The biggest bright green lie is that moving to “renewable” power, or “renewables,” will save us. Renewables is a handy, intentionally catch-all phrase: it sounds good, but solar and wind energy, which most people would assume are “renewables,” account for only a small amount of all renewable energy—the larger percentage is from hydroelectric and “biomass.” Jensen et al. write about the awfulness of dams: just look at what Glen Canyon Dam did to the Grand Canyon. But, again, when mainstream bright green environmentalists argue for more renewables, they’re in part arguing for more dams.
But the real lie here is the term “biomass,” which is trees. This “renewable” resource is actually forests harvested and ground to pellets, and in many cases in the United States, sold to other countries, like Germany, as part of their “renewable” success story.
Bright Greens also lie about solar and wind energy in the sense that these technologies rely on resource extraction, i.e. mining, which is never good for the surrounding land people and wildlife. Solar panels in particular (and smart phones) require rare and toxic materials, from mines in Africa, Asia and South America. The solar panels that rich and middle-class white people are buying and installing come at the cost of environmental devastation of poor people of color on the other side of the world. Also, the energy required, using fossil fuels, to make solar panels and windmills effectively negates any gains made by using renewables. They’re all for show. And worth noting: those panels become toxic waste after about 20 years.

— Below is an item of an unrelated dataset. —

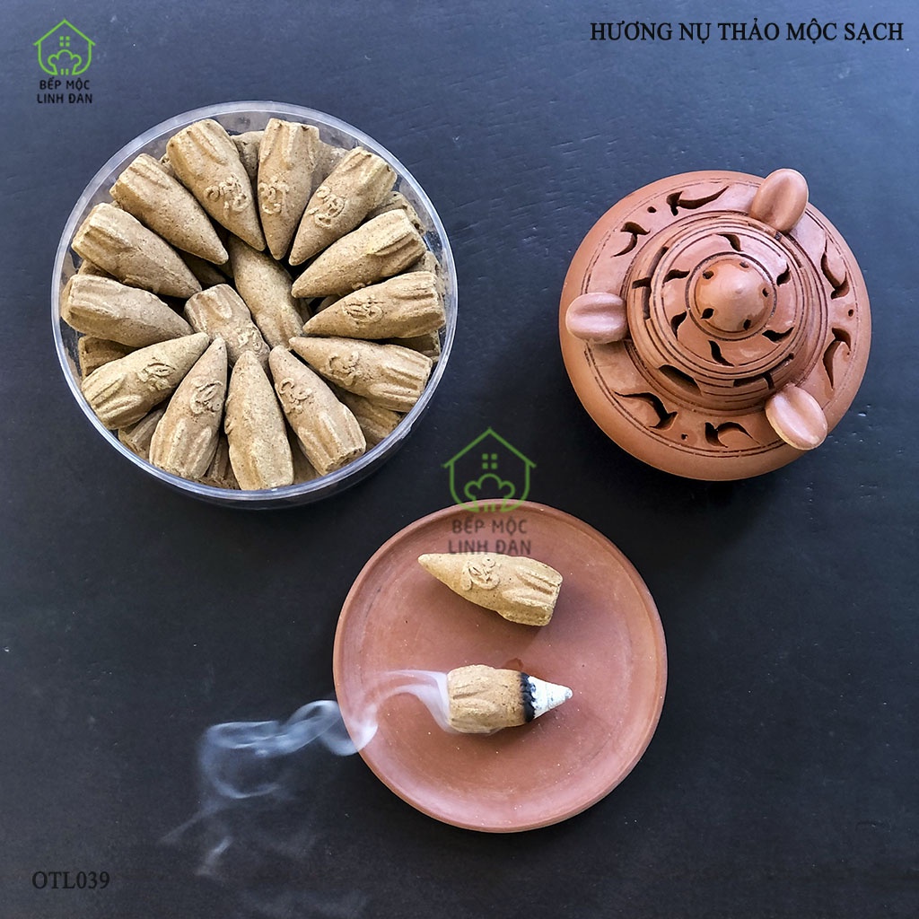 - Nhang nụ (hương nụ) sạch của shop Bếp Mộc Linh Đan cam kết làm từ bột thảo mộc thuốc bắc tự nhiên 100% nguyên chất, không pha tẩm hương liệu hóa chất gây độc hại cho sức khỏe.

There are more lies, making this a book of horror. One lingering question, not answered, is how Bright Greens live with themselves, since they must know that what they’re saying is wrong. How do Bright Greens like Bill McKibben and Naomi Klein—who have written important books of their own—not see that cutting down trees and calling it “biomass” is a huge lie?
The “solutions” part of Bright Green Lies is the most depressing, because the solutions needed are so huge. There are no “Ten ThingsYou Can Do To Save The Earth” “listicles” because that’s Jensen et al.’s point: that kind of cuteness is meant to make us feel better about ourselves while mega-corporations plunder the planet. Instead, weneed to “stop civilization,” and “stop believing technology will save the planet.” They’re arguing for a return to “land-based economies”—not living in cities—more of a return to living like natives did thousands of years ago. That plus a complete stoppage of all mining and timber harvesting. So, basically, impossible.
If there’s one small hope to reverse climate change, according to scientists quoted in Bright Green Lies, it’s restoring grasslands and forests. According to soil scientist Dr. Rattan Lal, “A mere 2 percent increase in the carbon content of the planet’s soils would offset 100 percent of all greenhouse gas emissions going into the atmosphere.” That quote comes from another book, by Ronnie Cummins, Grassroots Rising: A Call To Action On Climate, Farming, Food, and a Green New Deal, in which he writes, “Our living soils and forests have the capacity to sequester and safely store enough carbon to bring us back to the safe levels of CO2... that we had before the advent of the industrial revolution.”
Hoping for these huge solutions and changes, hoping for governments and environmental organizations to do something is what causes despair. The authors’ most practical advice to individuals: “Find something you love and defend it.”